The way it works is rooted in a phenomenon that occurs during pregnancy, said Kiran Musunuru, a professor of cardiovascular medicine and genetics at Penn’s Perelman School of Medicine.

Fetuses make a type of hemoglobin that binds more strongly to oxygen than the adult form. That gives the fetus “first dibs” on available oxygen during pregnancy, he said.

Soon after birth, a gene directs infants’ bodies to scale back on the production of that fetal hemoglobin, while another gene directs them to start making the adult form. But in people with sickle cell disease, a mutation in that second gene causes their adult hemoglobin to stick together and form crystals, causing their red blood cells to curve into the telltale sickle shape.

That’s where Casgevy comes in. It uses CRISPR to disable the gene that shuts down the production of fetal hemoglobin, allowing adults once again to make the healthy form of hemoglobin that sustained them as fetuses, Musunuru said.

“It’s almost like a double negative,” he said.

The problem of access

The CRISPR treatment for sickle cell is still a long, expensive ordeal.
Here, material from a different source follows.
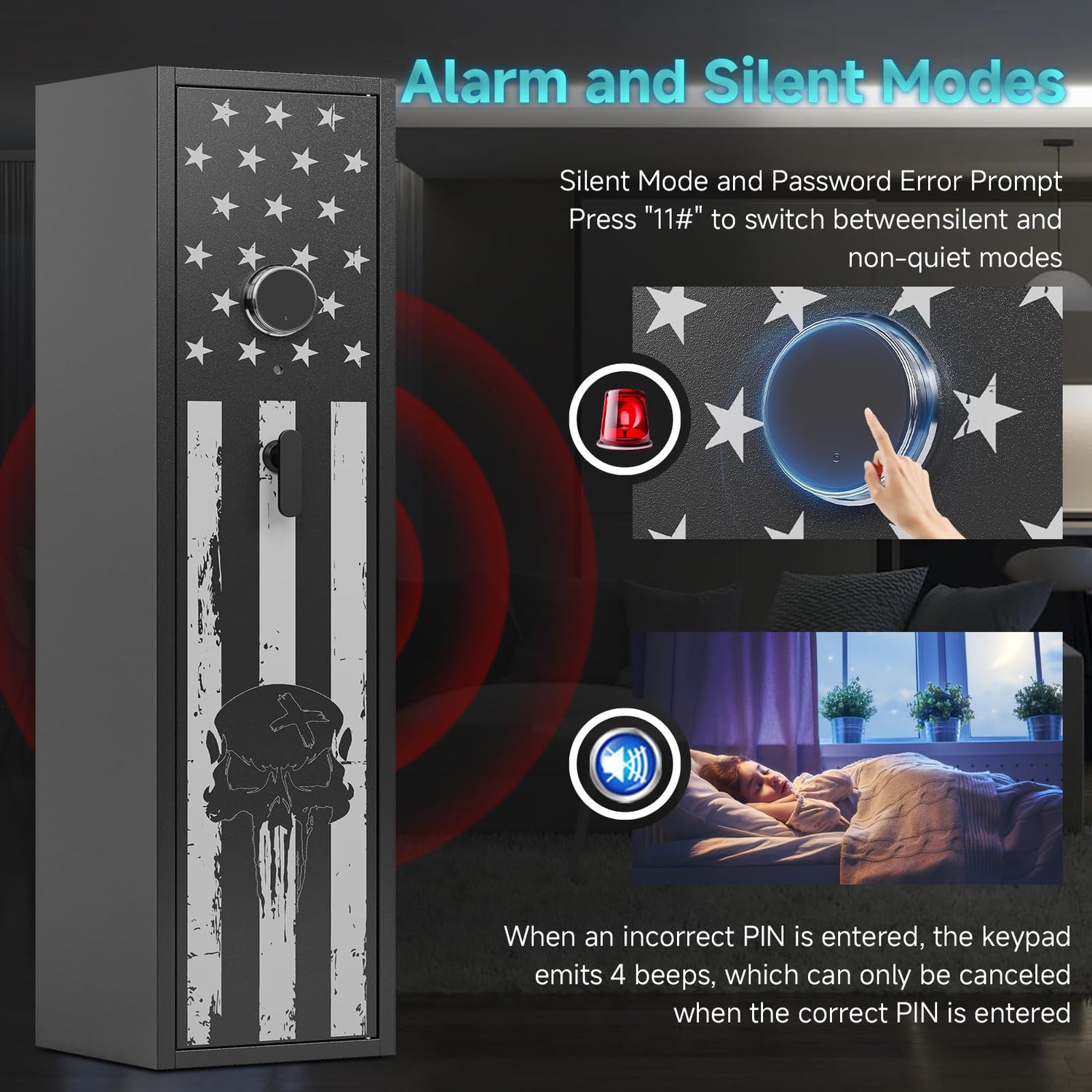 - Intelligent Warnings To Protect Your Family- KAER gun safe with intelligent warning system. When someone lost the wrong password 3 times, the rifle gun safe will have an alarm ringing, which can cause us to be alerted in time so that we can go to check it out. It can effectively keep away from children and avoid danger

Patients must have blood stem cells harvested from their bone marrow for editing, then they undergo chemotherapy to make space for the edited cells to be reinfused into the body. Afterward, they spend more than a month recovering in the hospital.

Underinsured patients may have trouble getting access to the new drug, made by Switzerland-based CRISPR Therapeutics and Boston-based Vertex Pharmaceuticals.
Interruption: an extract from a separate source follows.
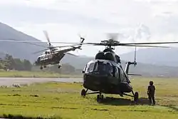 ![]() Peruvian Army helicopters land in the VRAEM Area | |

Some patients will have to travel for the treatment, as it is expected to be available only at medical centers with the necessary expertise. If they are insured by Medicaid, the publicly funded insurer for low-income families, they may have trouble getting coverage authorized for treatment in another state, said Grupp, who oversaw the treatment of Fadeyi and half a dozen other study participants at CHOP.
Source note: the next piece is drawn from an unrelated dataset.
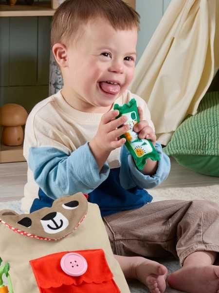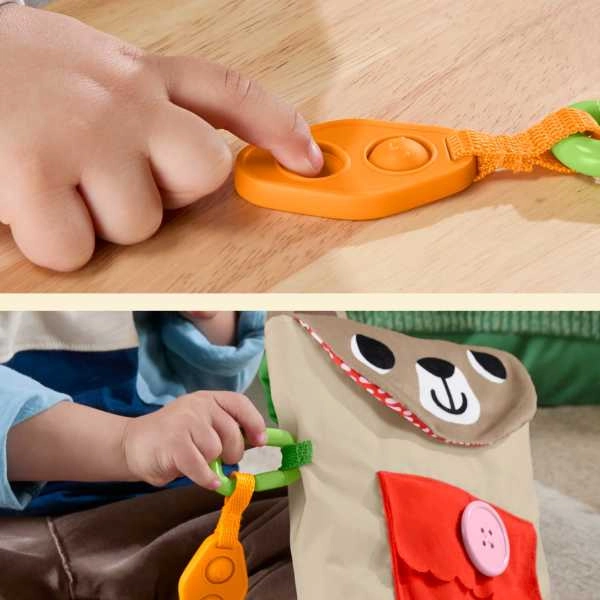 Press the clip, fasten the pocket, bend the “crunchy” snack, and stick on the fabric bandages with hook-and-loop — each activity boosts coordination and dexterity.

At CHOP, physicians are committed to fighting insurers over any coverage denials, he said. As with other expensive, one-time therapies that have recently come on the market, proponents argue that the large up-front price is worth the avoidance of a lifetime of medical bills.

CRISPR for other diseases

Treating other diseases with CRISPR is likely years away.

At ChristianaCare, Kmiec is studying the use of CRISPR to fight cancer, editing away the genetic defenses inside tumors so they are more vulnerable to traditional treatments such as chemotherapy.

Musunuru, the Penn physician, cofounded a biotech firm that’s testing a CRISPR-based treatment on people with very high levels of cholesterol.

Both of those approaches involve making edits directly inside the person’s body. Early results are promising. But FDA regulators have said that with such inside-the-body editing treatments, they are concerned about the risk of “off-target” effects — the possibility that edits get made in other parts of the genome, beyond the targeted spot.

Regulators also raised that issue in reviewing the sickle cell treatment. But Grupp and other physicians involved with the trial say there was no evidence of unwanted edits.

Fadeyi says his life was transformed by the infusion with his edited stem cells more than two years ago at CHOP.

He goes to his job every day as a district manager for a grocery chain, free of worry that he might suddenly have to rush to the hospital. And he is confident he will be around to raise his son, Elliot, who was born in June 2022, just a few months after his father completed the treatment.

Doctors have told him that as far as they can determine, his CRISPR-edited stem cells will persist for the rest of his life.

“Knowing I’ll be there for the long term, it is life-changing,” he said. “It was one and done. I don’t have to do it again.”